I went to order more ZP yesterday from Amazon.co.uk and found they were out of stock. There is another seller on there with it available but it's much more expensive so I looked to see if anywhere new was selling it and I came across a site calle viovet.co.uk who were actually cheaper than amazon. I bought 2 bags to qualify for their free delivery. 

Just wanted to mention this in case anyone else in the uk is running low


----------



## Buildthemskywards (Jun 16, 2012)

How much was it on there? I did the same thing but on petplanet.


----------



## Pumpernickel (Apr 5, 2012)

Buildthemskywards said:


> How much was it on there? I did the same thing but on petplanet.


The 1kg bag of Lamb was £15.49 - I think it was £16.49 last time I got from amazon.
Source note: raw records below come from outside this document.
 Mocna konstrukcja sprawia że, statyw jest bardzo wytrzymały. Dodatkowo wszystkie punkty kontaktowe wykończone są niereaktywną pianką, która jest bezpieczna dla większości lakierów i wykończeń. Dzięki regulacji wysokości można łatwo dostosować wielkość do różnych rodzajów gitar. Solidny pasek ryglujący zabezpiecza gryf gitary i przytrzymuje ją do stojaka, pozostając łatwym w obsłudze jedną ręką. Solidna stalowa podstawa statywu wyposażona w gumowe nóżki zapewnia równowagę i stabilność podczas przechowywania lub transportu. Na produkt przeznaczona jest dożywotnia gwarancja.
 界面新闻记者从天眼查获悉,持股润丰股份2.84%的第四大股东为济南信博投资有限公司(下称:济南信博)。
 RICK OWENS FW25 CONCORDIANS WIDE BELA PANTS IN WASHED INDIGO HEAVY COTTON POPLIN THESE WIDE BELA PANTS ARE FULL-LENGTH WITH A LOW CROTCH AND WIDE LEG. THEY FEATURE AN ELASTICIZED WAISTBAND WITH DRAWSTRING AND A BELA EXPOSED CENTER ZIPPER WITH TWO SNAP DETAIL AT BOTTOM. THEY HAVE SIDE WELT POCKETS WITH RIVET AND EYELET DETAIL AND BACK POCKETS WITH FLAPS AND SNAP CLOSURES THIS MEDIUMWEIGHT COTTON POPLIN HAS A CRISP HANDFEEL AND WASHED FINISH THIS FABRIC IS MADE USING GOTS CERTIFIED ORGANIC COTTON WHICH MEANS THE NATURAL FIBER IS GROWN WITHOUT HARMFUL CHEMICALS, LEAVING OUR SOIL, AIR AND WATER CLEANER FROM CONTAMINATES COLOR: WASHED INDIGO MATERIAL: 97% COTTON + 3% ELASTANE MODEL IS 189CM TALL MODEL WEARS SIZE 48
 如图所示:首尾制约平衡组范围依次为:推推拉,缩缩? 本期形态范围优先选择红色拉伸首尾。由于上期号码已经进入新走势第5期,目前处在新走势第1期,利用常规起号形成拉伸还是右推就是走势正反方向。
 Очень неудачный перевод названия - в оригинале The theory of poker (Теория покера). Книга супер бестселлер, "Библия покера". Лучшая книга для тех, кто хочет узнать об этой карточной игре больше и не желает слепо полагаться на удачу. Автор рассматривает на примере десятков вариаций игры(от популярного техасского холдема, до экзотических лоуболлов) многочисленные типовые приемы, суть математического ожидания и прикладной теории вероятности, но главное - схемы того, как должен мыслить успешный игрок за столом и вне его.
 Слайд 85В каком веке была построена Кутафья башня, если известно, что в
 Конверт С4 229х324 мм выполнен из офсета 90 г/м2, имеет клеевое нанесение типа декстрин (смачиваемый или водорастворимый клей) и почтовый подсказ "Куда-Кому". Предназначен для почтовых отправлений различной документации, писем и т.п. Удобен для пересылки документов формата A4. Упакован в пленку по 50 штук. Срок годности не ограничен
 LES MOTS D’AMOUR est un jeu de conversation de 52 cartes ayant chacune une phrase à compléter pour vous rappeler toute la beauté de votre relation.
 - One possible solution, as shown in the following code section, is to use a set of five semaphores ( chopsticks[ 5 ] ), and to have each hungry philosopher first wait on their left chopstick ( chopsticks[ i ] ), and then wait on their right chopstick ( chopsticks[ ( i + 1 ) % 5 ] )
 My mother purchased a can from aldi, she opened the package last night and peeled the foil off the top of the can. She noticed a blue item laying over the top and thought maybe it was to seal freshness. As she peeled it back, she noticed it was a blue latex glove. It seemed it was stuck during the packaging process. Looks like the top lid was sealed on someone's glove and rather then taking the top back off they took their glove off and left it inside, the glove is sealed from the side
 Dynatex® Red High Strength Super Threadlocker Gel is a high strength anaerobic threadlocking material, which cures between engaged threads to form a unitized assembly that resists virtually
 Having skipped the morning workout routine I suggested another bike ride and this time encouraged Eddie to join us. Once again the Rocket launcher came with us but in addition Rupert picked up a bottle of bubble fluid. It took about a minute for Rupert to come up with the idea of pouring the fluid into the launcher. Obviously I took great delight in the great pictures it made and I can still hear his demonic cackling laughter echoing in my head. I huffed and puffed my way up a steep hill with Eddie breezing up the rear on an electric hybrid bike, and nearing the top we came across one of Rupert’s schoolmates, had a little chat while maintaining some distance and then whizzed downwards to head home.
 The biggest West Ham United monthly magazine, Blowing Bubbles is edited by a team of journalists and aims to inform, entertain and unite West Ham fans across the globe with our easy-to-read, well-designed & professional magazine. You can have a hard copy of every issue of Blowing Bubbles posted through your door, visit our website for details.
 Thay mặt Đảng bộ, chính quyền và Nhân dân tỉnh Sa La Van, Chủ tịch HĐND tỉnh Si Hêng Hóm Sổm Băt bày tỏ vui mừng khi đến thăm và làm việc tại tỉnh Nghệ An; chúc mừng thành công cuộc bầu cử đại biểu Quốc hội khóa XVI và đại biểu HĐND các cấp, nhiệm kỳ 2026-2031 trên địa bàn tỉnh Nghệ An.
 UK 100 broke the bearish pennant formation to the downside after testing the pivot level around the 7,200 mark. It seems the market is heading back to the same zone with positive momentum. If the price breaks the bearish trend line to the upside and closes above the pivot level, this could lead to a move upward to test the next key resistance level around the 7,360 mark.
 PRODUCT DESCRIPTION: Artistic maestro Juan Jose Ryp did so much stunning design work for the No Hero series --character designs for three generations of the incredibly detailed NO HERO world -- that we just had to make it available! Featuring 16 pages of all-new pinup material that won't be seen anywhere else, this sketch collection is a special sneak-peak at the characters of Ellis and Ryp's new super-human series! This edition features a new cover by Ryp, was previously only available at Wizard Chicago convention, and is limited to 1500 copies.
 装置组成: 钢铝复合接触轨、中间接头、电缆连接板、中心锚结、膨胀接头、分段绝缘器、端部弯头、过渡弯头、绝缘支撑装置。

The venison ones are a bit more at £17.99.


----------



## michele (Jan 12, 2009)

Oh thanks for that I ordered from pet planet and had to pay p&p think it. was £4 .Ziwi has been out of stock on amazon for months


----------



## Buildthemskywards (Jun 16, 2012)

I got the venison one from pet planet and I think it was 17.49 so I bought two and some treats for the free shipping.


----------



## hmingtea (Nov 6, 2012)

i cant afford it... too costly out here in India Lamb 1kg from KP will cost me no less than 35 GBP which is around 1/4 of my monthly income... xD


----------